HomeGroupsTalkZeitgeist
  • LibraryThing
  • Book discussions
  • Your LibraryThing
  • Join to start using.

RESOURCE: "Free" Primary and Secondary Sources ... where do you find yours?

Amateur Historians

Join LibraryThing to post.

This topic is currently marked as "dormant"—the last message is more than 90 days old. You can revive it by posting a reply.

1ThePam
Edited: Mar 5, 2008, 4:33pm Top

I thought it might be nice to list FREE sources of primary and
secondary materials as a service to LTers.
{And yeah, because I love free history}

Here are some to start:

================================

www.gutenberg.org

The grandfather of Free sites. A variety of primary and secondary
sources are available. Most as text files.

================================

http://worldcat.org/wcpa/oclc/56637558?page=frame&url=http%3A%2F%2Fwww.ameri...

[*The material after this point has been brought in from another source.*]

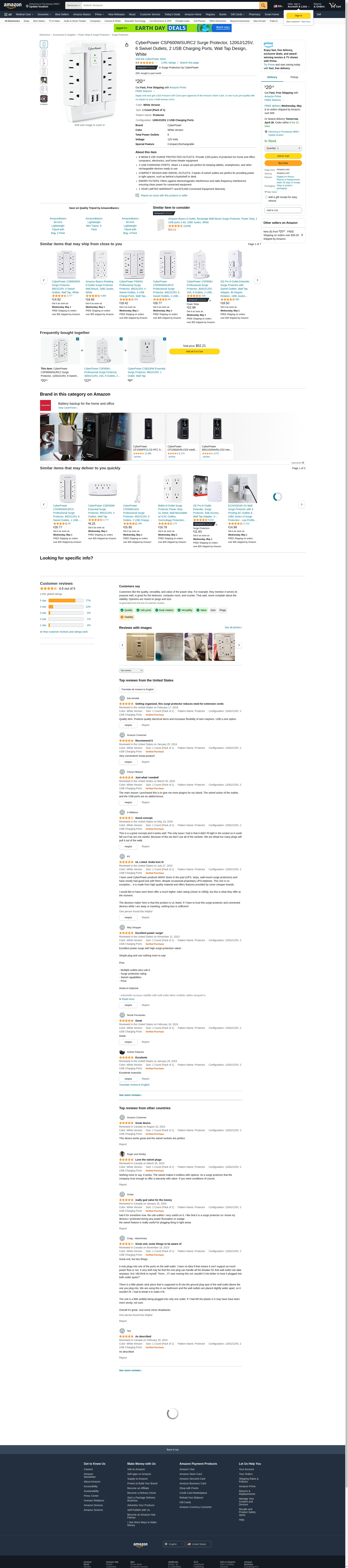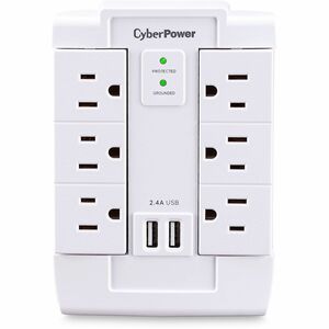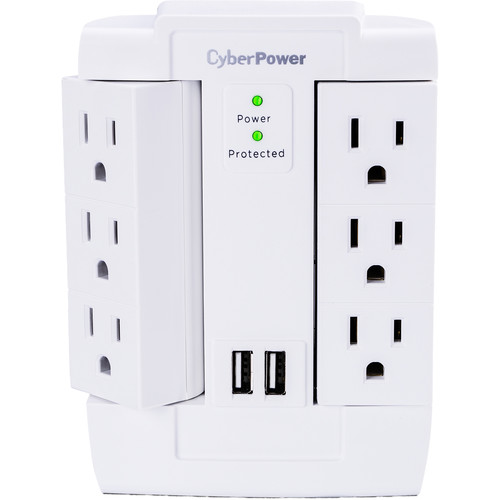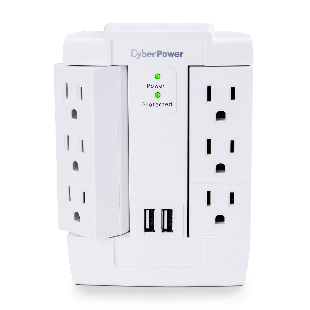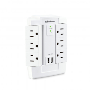 CyberPower CSP600WSURC2 Surge Protector, 1200J/125V, 6 Swivel Outlets, 2 USB Charging Ports, Wall Tap Design, White

This is "American Journeys" as sponsored by World.cat. At this
site you will find a limited supply of journals, letters, and maps
in the pdf format that relate to the discovery of North America,
beginning with "The Saga of Eric the Red" and presently ending
with "Catlin's North American Indian Portfolio".

================================

MY FAVORITE

http://www.archive.org/search.php?query=

Archive.org has movies, sound, and text. It's my personal
favorite because text materials are available in a number of
formats including .pdf (which retains the color drawings, etc.)

================

I am going to post this on the American History thread as well.
Hopefully we'll get some cool ideas.

2TLCrawford
Mar 6, 2008, 2:02pm Top

The best free sources I have used will tell you a lot about the research I was doing at the time.

The County Courthouse - items vary but could include anything the government was ever interested in.

The local Public Library - microfilms of census records and newspapers and possibly anything else.

The local LDS Family History Center - some of the nicest people I have met and if you don't bring up religion they wont either.

The local Genealogical Society or Historical Society - be careful here you could end up listening to hours of fascinating stories not at all related to what you are enquiring about.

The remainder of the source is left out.